Apical capacitance was calculated from Eq. 1 before nystatin treatment and by Eq. 2 following nystatin treatment (Fig. 3B). The two fits gave values for apical capacitance that were not significantly different. The presence of the second semicircle following nystatin treatment allowed the calculation of Cb by Eq. 2. It was also possible to use Eq. 1 to fit the larger semicircle during the time course of nystatin treatment and obtain a measure of Cm when the basolateral membrane was the primary resistance element of the tissue. To demonstrate that the single and double fits gave similar values for basolateral membrane capacitance, a series of 22 preparations was evaluated after Isc had equilibrated with 150 U/ml nystatin in the mucosal Ringer. The values for Cb were 12.73 ± 0.77 and 13.41 ± 0.74 µF/cm2 with Eqs. 1 and 2, respectively, and were not significantly different.

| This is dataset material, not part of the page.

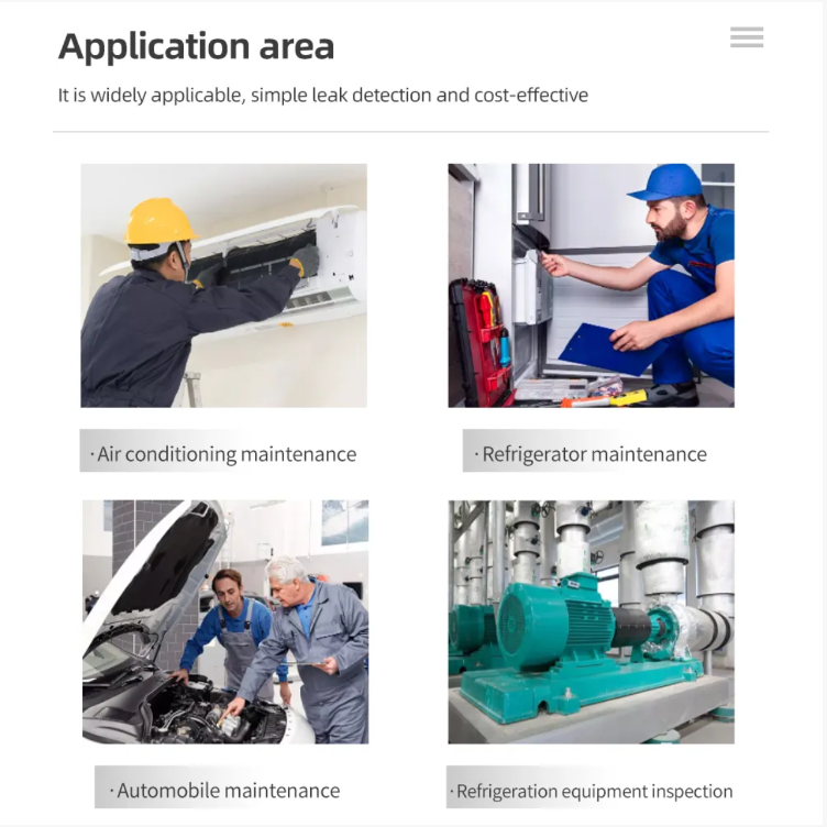For air conditioning maintenance technicians, it is an "efficient leak detection tool", shortening maintenance time and enhancing service professionalism; for auto repair shops, it is an "air conditioning maintenance tool", accurately locating the refrigerant leak points of car air conditioners; for refrigeration equipment operation personnel, it is even a "hidden danger detection assistant", ensuring the stable operation of large refrigeration systems.

Both Cm and Cb increased during the first 15 min following nystatin treatment as the basolateral membrane became the major component of the Nyquist plot. Also, Isc was rapidly increasing during this period as the cells responded to the rapid increase in K+ entry across the apical membrane. Given the sampling time required to obtain values at the lower frequencies (~150 s), it was desirable to measure resistance and capacitance at stable values of Isc that were intermediate between pretreatment and maximal values. This was accomplished by exposing the apical membrane to intermediate concentrations of nystatin. It can be seen in Fig. 4 that sequential treatment with 50, 100, and 150 U/ml nystatin in the mucosal Ringer produced progressively higher Isc values that were stable throughout the sampling period required for impedance measurements. Mean values for the stable Isc and Rm values for five such preparations are given in Table 1. Impedance measurements at these intermediate Isc values showed the appearance of a second semicircle that became the dominant component at the highest nystatin concentration (Fig. 5). Results from 13 preparations showed that Ra decreased to a small fraction of the tissue resistance; however, Ca remained relatively constant (Table 2). The decrease in Ra with increasing nystatin concentrations corresponds to the increase in Isc and a decrease in Rb. The values for Cb, however, were not found to be significantly different.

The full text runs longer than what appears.